First, there are 23 states including Connecticut where performing such a BPO as a valuation product for a fee (rather than as a service in the potential listing, sale or lease of property) is not allowed under state law. Real estate agents in Connecticut are in violation of state licensing law if they perform such a valuation.
Sometimes the illegal activity goes beyond just performing a banned service. With all the properties in distress, and all the billions of dollars involved, there are those who have found ways to tilt the system in their favor, fraudulently.
Neil Barofsky, special inspector general for the TARP program has been critical of the government's foreclosure prevention program. In his first quarter 2010 report to Congress, he said that to Treasury's credit, the changes made were an important step forward in addressing the flaws of HAMP. But he went on to say in the report that "No program of this type and scale can be considered well designed without robust protections of taxpayer funds against the predation of criminals".

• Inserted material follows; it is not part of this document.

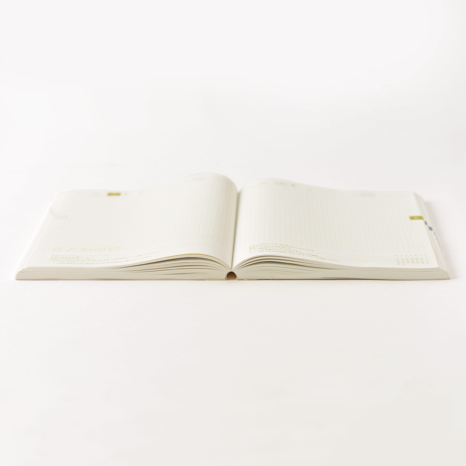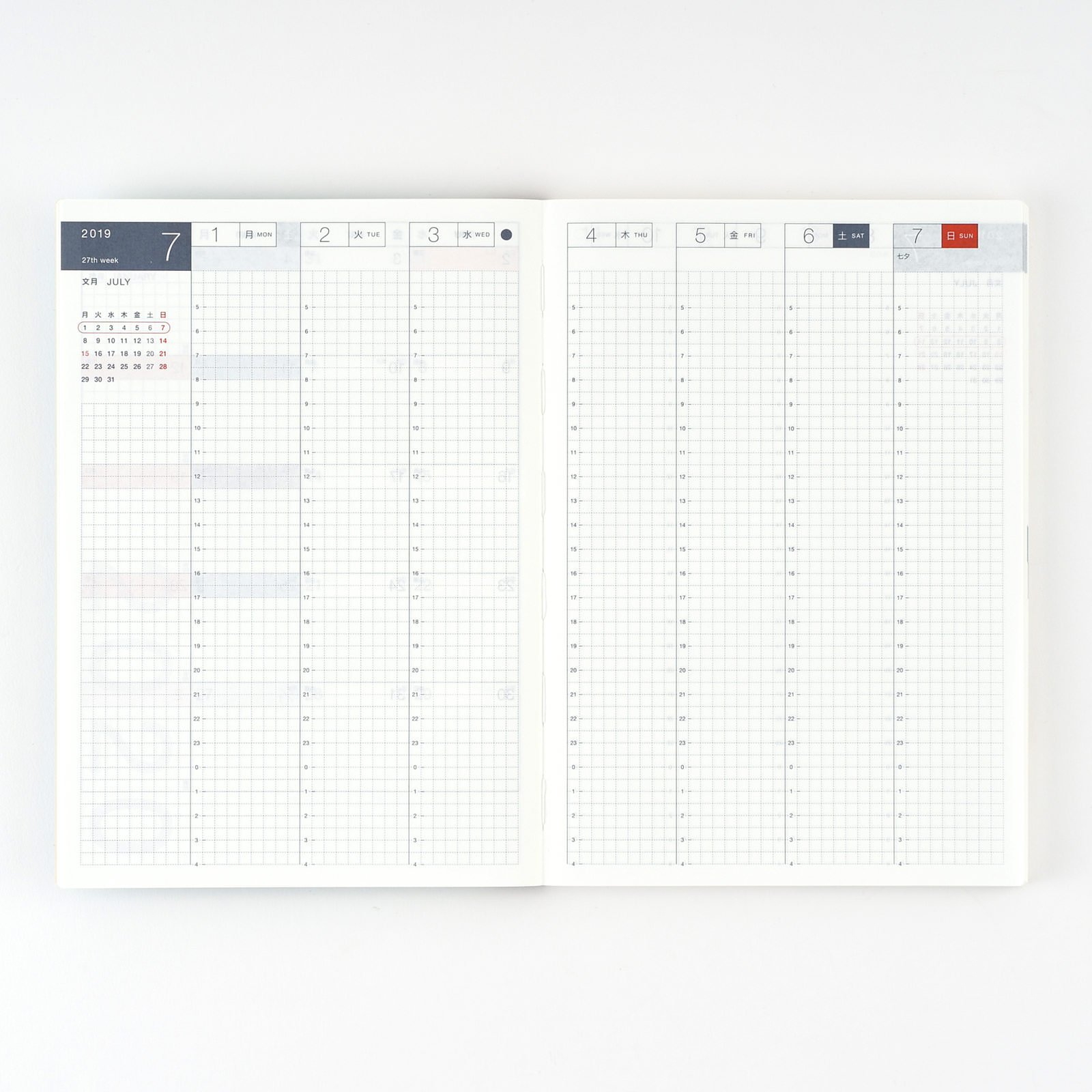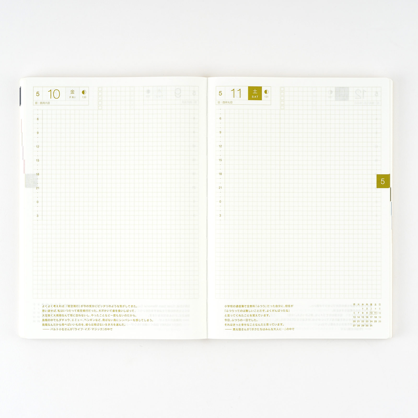 The one-page-per-day A5 size Cousin in Japanese language was created in response to customer requests for a Hobonichi Techo with more space to fill with writing and clippings. The various calendars and pages are great not only for writing down your plans for the day, but for doodling, pasting event tickets, using as a normal notebook for work or school, and filling in pages with any whims that come to mind.

One common short sale fraud scheme is called 'flopping'. It uses property values that are intentionally deflated in order to enable a decreased cost for the buyer in the short sale, often to a "straw buyer". The property is then quickly flipped, or "flopped", for the much higher actual market value producing a substantial profit for the crooks. The inspector general's report to Congress goes on to say that "Historically, these schemes often involve the participation of corrupt brokers and servicers. As constituted now, the program (HAFA) permits home valuation, a key vulnerability point for a flopping scheme, without a true appraisal, allowing estimates from brokers or other 'independent' providers at the discretion of the servicer...These less-than-robust valuation methods, along with the increased incentives through Government-funded payouts, leave the program vulnerable to fraud." The report then recommends that Treasury eliminate the valuation requirements that allow BPOs and substitute the FHA appraisal standard for all principal reduction and short sale programs.
For all who are attracted to the potential benefits that short sales bring to our distressed real estate markets, there also is a need to be informed, be aware of the pitfalls as well as the advantages, and to get good advice from qualified professionals before important financial decisions are made. The cost of that professional advice will look very cheap in comparison to the tens of thousands that might be lost without it.
Frank O'Neill, Jr., SRA is senior vice president and chief appraiser at Sepso Appraisal Associates in Stratford, Conn.